Material for this exercise ->
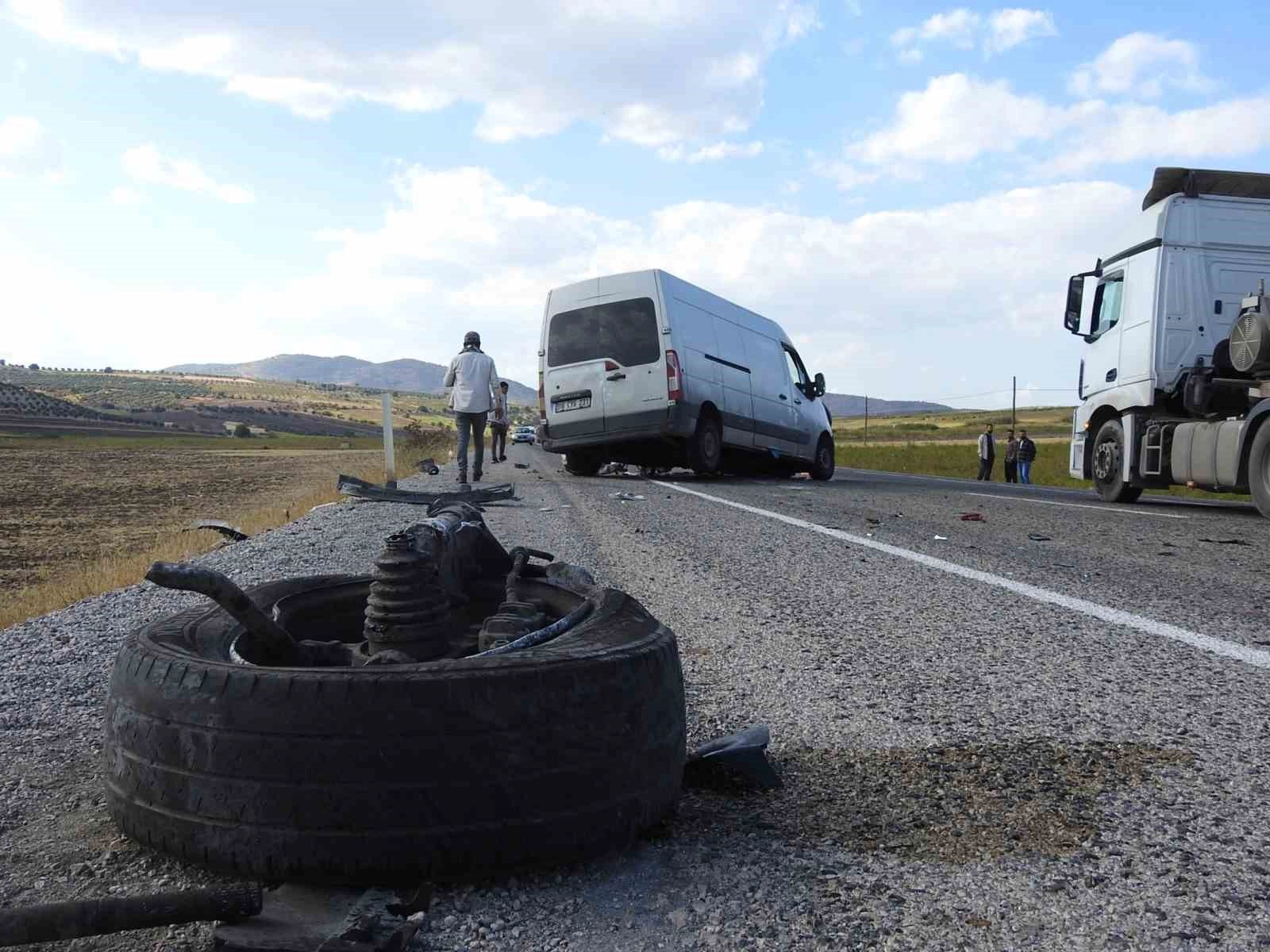Kilis-İslahiye karayolunun 35'inci kilometresinde hafif ticari araç ile tırın kafa kafaya çarpışması sonucu meydana gelen kazada 1'i ağır 2 kişi yaralandı.
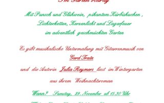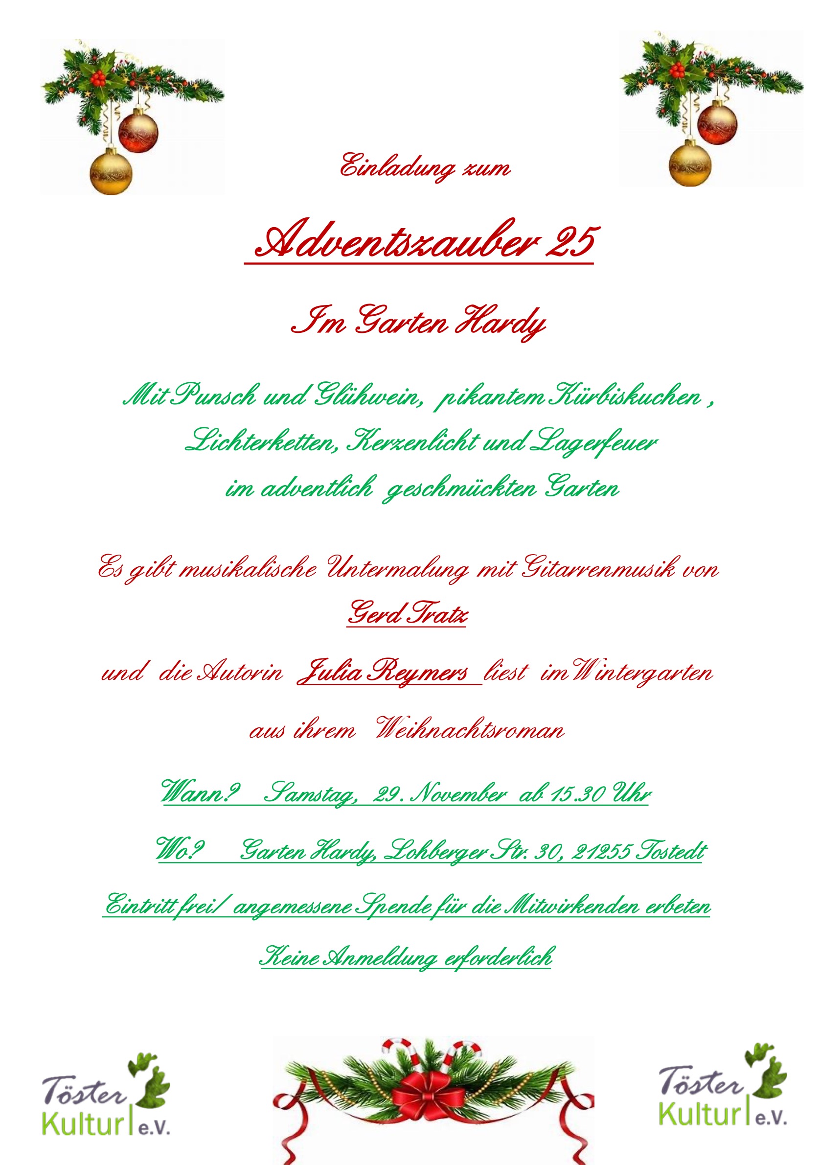 Wie schön, dass bei uns Gigi und Horst Hardy mit ihrem wunderbar verzaubernden Garten kulturell aktiv sind. Auch in diesem Jahr bieten sie zur Vorweihnachtszeit etwas Besonderes: Adventszauber Garten Hardy
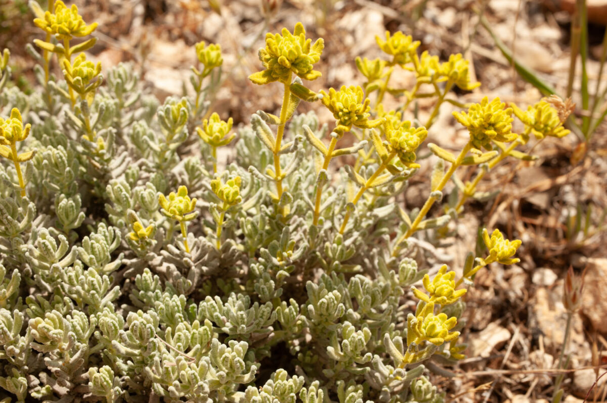 Mata con pelos cortos y muy ramificados, de ramas cortas y rectas (pelos dendríticos). Tallos con dimorfismo estacional, los vegetativos grisáceos y los floríferos amarillos o verde–amarillentos. Hojas (8)10–11(12) x (1,5)2–3(4) mm, opuestas, sésiles, elípticas, lanceoladas o lineares, crenadas desde la mitad, revolutas. Inflorescencia en racimo de 3 cabezuelas. Flores zigomorfas, hermafroditas, pentámeras, sésiles. Cáliz 4–5 mm, tubular, con 5 dientes, 3 superiores ovado–triangulares con el central más ancho y 2 inferiores agudo–acuminados, divergentes, con pelos dendríticos. Corola 6–7 mm, unilabiada, amarilla; lóbulos 5, los latero–posteriores truncados y ciliados. Núculas 1–2(3), reticuladas
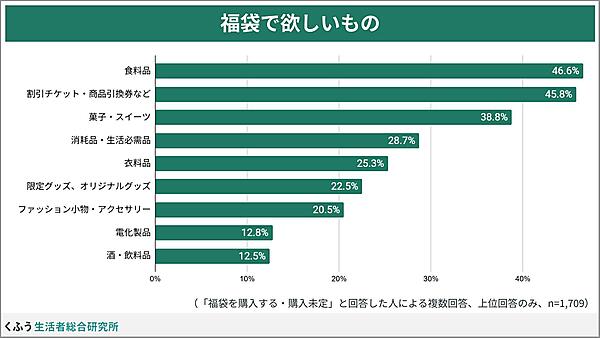 「福袋の中身」(欲しいもの、入っていたらうれしいもの)については、「食料品」46.6%が最多だが、「割引チケット・商品引換券」45.8%がほぼそれに並んで2位。3位は「菓子・スイーツ」38.8%だった。
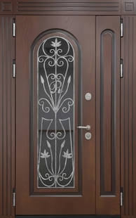 Полуторная стальная термодверь с большим стеклом, кованой решеткой и коричневыми плитами МДФ отличный выбор для тех, кто ищет практичное и красивое решение. МДФ-панели выполняются с точной фрезеровкой, подчёркивающей геометрию и стиль модели. Позволяют добиться гармонии с архитектурой. Отделка создаёт завершённый образ входной группы.
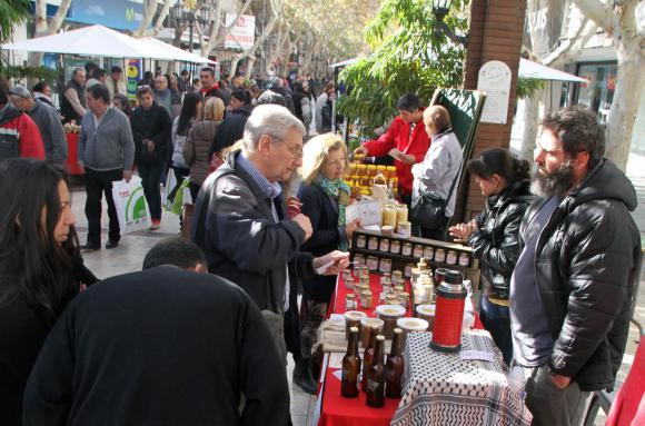 En la mañana de ayer, sobre la Peatonal sanjuanina se realizó el cierre de la Cuarta Edición de la Semana de la Miel con la instalación de stands de venta y degustación, y en cuestión de cuatro horas la gente arrasó con más de 2.000 kilos del dulce, además de otros productos apícolas como cosméticos o polen, procedentes de varios departamentos de la provincia. La miel fue la estrella y se vendió a 60 pesos el kilo, según acordaron entre los 25 productores que llegaron a la exposición que organizó el Ministerio de Producción y que este año por primera vez y con éxito se exhibió en el centro de la ciudad.
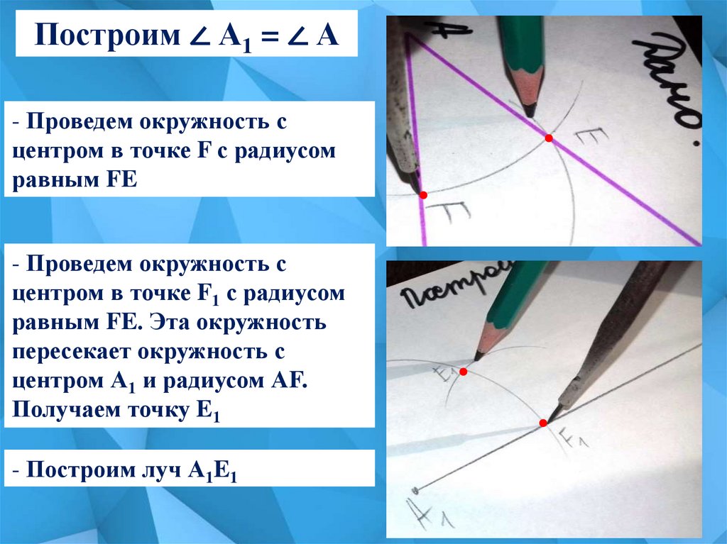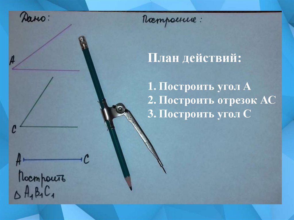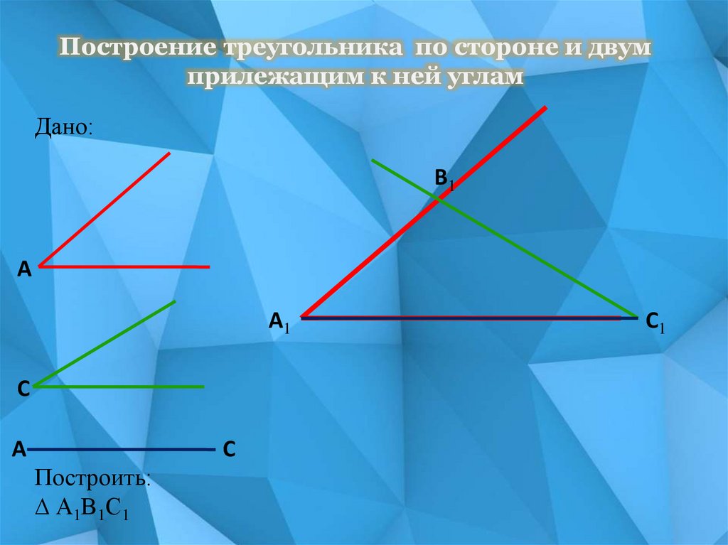 Построение треугольника по стороне и двумприлежащим к ней углам
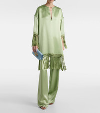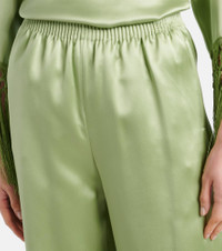 Product Details - Material: 100% silk - Care instructions: dry clean - Made in Italy - Designer color name: Dirty Sage - Elasticated waistband - Pockets: side slit pockets - Item number: P01006680 Size & Fit - True to size - Elasticated waist - Non-stretchy fabric - Wide-leg - Unhemmed for tailoring - The model seen in the picture is 178cm-5'10" and wearing a size IT 40
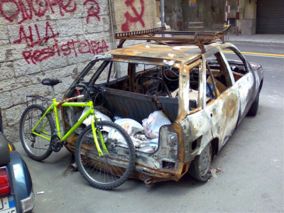 Quando si ha la certezza che nessuno rimuoverà quella carcassa che si sta riempiendo di sacchetti della spazzatura ad una angolo di corso Vittorio Emanuele, puoi attaccarci pure la tua bicicletta: il pericolo non è tanto quello che i Vigili la portino via, quanto, semmai, che qualcuno vi appicchi un nuovo falò…

Task objective -> Without the pictures, set down the lines above from the line with "Mata con pelos" up to and including the line with "Построение треугольника по" exactly as they stand.

Exercise output ->
 Mata con pelos cortos y muy ramificados, de ramas cortas y rectas (pelos dendríticos). Tallos con dimorfismo estacional, los vegetativos grisáceos y los floríferos amarillos o verde–amarillentos. Hojas (8)10–11(12) x (1,5)2–3(4) mm, opuestas, sésiles, elípticas, lanceoladas o lineares, crenadas desde la mitad, revolutas. Inflorescencia en racimo de 3 cabezuelas. Flores zigomorfas, hermafroditas, pentámeras, sésiles. Cáliz 4–5 mm, tubular, con 5 dientes, 3 superiores ovado–triangulares con el central más ancho y 2 inferiores agudo–acuminados, divergentes, con pelos dendríticos. Corola 6–7 mm, unilabiada, amarilla; lóbulos 5, los latero–posteriores truncados y ciliados. Núculas 1–2(3), reticuladas
 「福袋の中身」(欲しいもの、入っていたらうれしいもの)については、「食料品」46.6%が最多だが、「割引チケット・商品引換券」45.8%がほぼそれに並んで2位。3位は「菓子・スイーツ」38.8%だった。
 Полуторная стальная термодверь с большим стеклом, кованой решеткой и коричневыми плитами МДФ отличный выбор для тех, кто ищет практичное и красивое решение. МДФ-панели выполняются с точной фрезеровкой, подчёркивающей геометрию и стиль модели. Позволяют добиться гармонии с архитектурой. Отделка создаёт завершённый образ входной группы.
 En la mañana de ayer, sobre la Peatonal sanjuanina se realizó el cierre de la Cuarta Edición de la Semana de la Miel con la instalación de stands de venta y degustación, y en cuestión de cuatro horas la gente arrasó con más de 2.000 kilos del dulce, además de otros productos apícolas como cosméticos o polen, procedentes de varios departamentos de la provincia. La miel fue la estrella y se vendió a 60 pesos el kilo, según acordaron entre los 25 productores que llegaron a la exposición que organizó el Ministerio de Producción y que este año por primera vez y con éxito se exhibió en el centro de la ciudad.
 Построение треугольника по стороне и двумприлежащим к ней углам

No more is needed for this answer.